Hi everyone,
I recently watched a talk by Aza Raskin where he discusses the idea of using generative models to explore communication with whales. While the conversation wasn’t deeply technical, it sparked a line of thought I’ve been quietly exploring: can we use generative AI to better understand, replicate, and eventually "translate" the communicative structures in animal vocalisations?
I work primarily in conservation and ecology, and I’ve applied several predictive models (CNNs, LSTMs, and some transformer-based architectures with transfer learning). However, I’ve never trained a generative model myself. Still, I’ve been sketching a conceptual pipeline that could link bioacoustics and behavioural ecology.

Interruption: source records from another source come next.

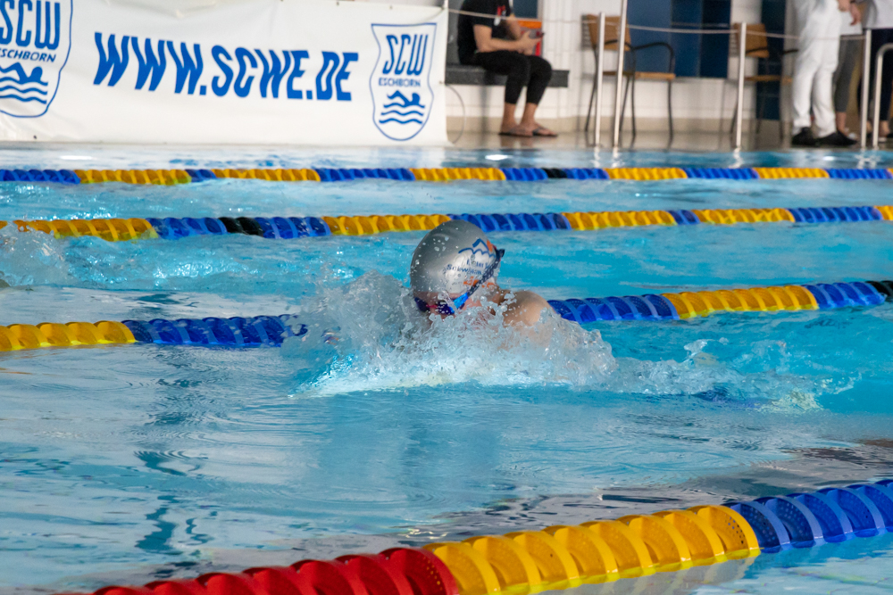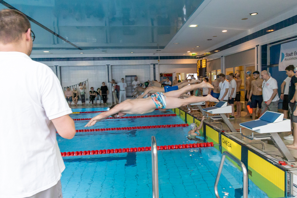 Am Samstag gingen 15 Schwimmer*innen der älteren Jahrgänge (2009 und älter) für den ESSC ins Wasser. Bei insgesamt knapp 870 Meldungen war in der Halle ausreichend Platz und eine gute Stimmung. Mit knapp 60 Starts erschwammen sie sich 35 persönliche Bestzeiten und elf Podiumsplätze. Erfolgreichste Schwimmer waren dabei Alexander Golze (je einmal 1., 2. und 3. Platz, sowie fünf persönliche Bestzeiten bei fünf Starts) und Julian Koch (zweimal 2. und zweimal 3. Platz, sowie drei persönliche Bestzeiten).
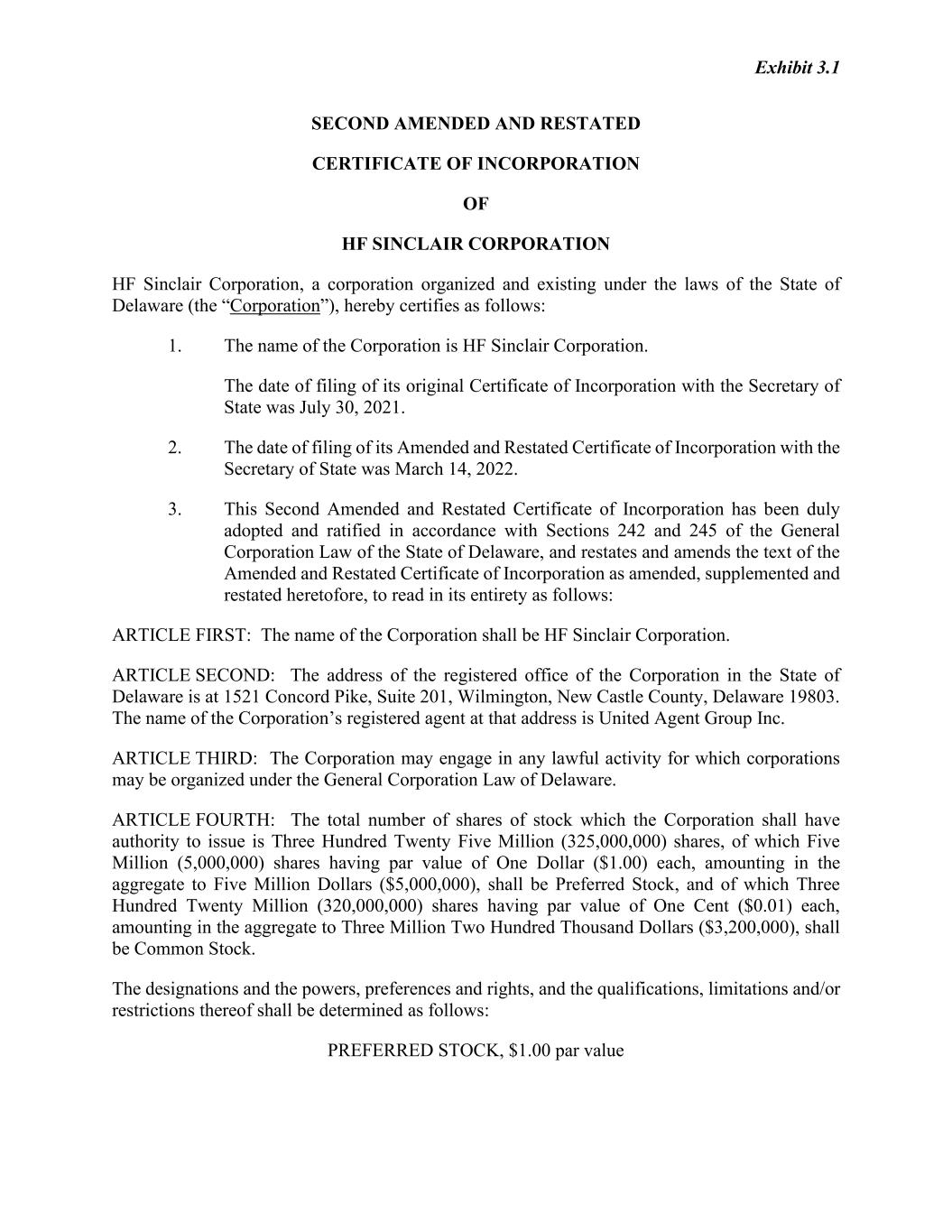 Exhibit 3.1 SECOND AMENDED AND RESTATED CERTIFICATE OF INCORPORATION OF HF SINCLAIR CORPORATION HF Sinclair Corporation, a corporation organized and existing under the laws of the State of Delaware (the “Corporation”), hereby certifies as follows: 1. The name of the Corporation is HF Sinclair Corporation. The date of filing of its original Certificate of Incorporation with the Secretary of State was July 30, 2021. 2. The date of filing of its Amended and Restated Certificate of Incorporation with the Secretary of State was March 14, 2022. 3. This Second Amended and Restated Certificate of Incorporation has been duly adopted and ratified in accordance with Sections 242 and 245 of the General Corporation Law of the State of Delaware, and restates and amends the text of the Amended and Restated Certificate of Incorporation as amended, supplemented and restated heretofore, to read in its entirety as follows: ARTICLE FIRST: The name of the Corporation shall be HF Sinclair Corporation. ARTICLE SECOND: The address of the registered office of the Corporation in the State of Delaware is at 1521 Concord Pike, Suite 201, Wilmington, New Castle County, Delaware 19803. The name of the Corporation’s registered agent at that address is United Agent Group Inc. ARTICLE THIRD: The Corporation may engage in any lawful activity for which corporations may be organized under the General Corporation Law of Delaware. ARTICLE FOURTH: The total number of shares of stock which the Corporation shall have authority to issue is Three Hundred Twenty Five Million (325,000,000) shares, of which Five Million (5,000,000) shares having par value of One Dollar ($1.00) each, amounting in the aggregate to Five Million Dollars ($5,000,000), shall be Preferred Stock, and of which Three Hundred Twenty Million (320,000,000) shares having par value of One Cent ($0.01) each, amounting in the aggregate to Three Million Two Hundred Thousand Dollars ($3,200,000), shall be Common Stock. The designations and the powers, preferences and rights, and the qualifications, limitations and/or restrictions thereof shall be determined as follows: PREFERRED STOCK, $1.00 par value
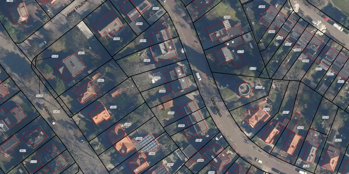 Het perceel waarop Oranjelaan 41 staat heeft een oppervlakte van 308 m². Dit is een groot perceel. De perceeloppervlakte wordt geregistreerd door het Kadaster. Gedetailleerde informatie over de maten van dit perceel kunt u vinden in het rapport Kadastrale kaart met maatvoering van Oranjelaan 41.
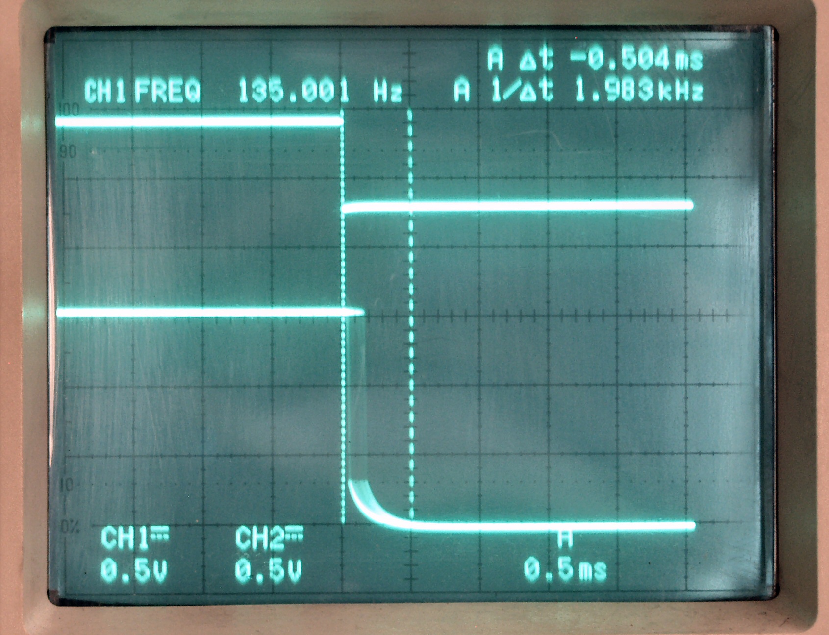 | AE21. 45回転測定。 上のが134HZ基準矩形波、下がタンテーブルの回転矩形波。 差が最小時。 上下の点線のスケール間が、仕様書規定許容値の0.5ms。 |

The idea is now something like start with a large, unlabeled dataset of an animal vocalisations (e.g. bird songs, whale calls, primate vocalisations). Use unsupervised learning (e.g. embeddings + UMAP + HDBSCAN or even kmens, don’t know) to group vocalisations by structure or spectral similarity.
Then, based on field knowledge or ethological observations, manually label some clusters with possible communicative functions (e.g. alarm, contact, courtship). Only if they make sense. Use these labelled clusters to fine-tune a generative model (like SpecGAN, AudioLDM, or even an autoregressive model like WaveNet or VALL-E) to create synthetic sounds conditioned on function.
But… then explore whether this can help us simulate or even engage in meaningful communicative loops, perhaps as a tool for playback experiments or for probing animal perception in a controlled field experiment or exsitu one.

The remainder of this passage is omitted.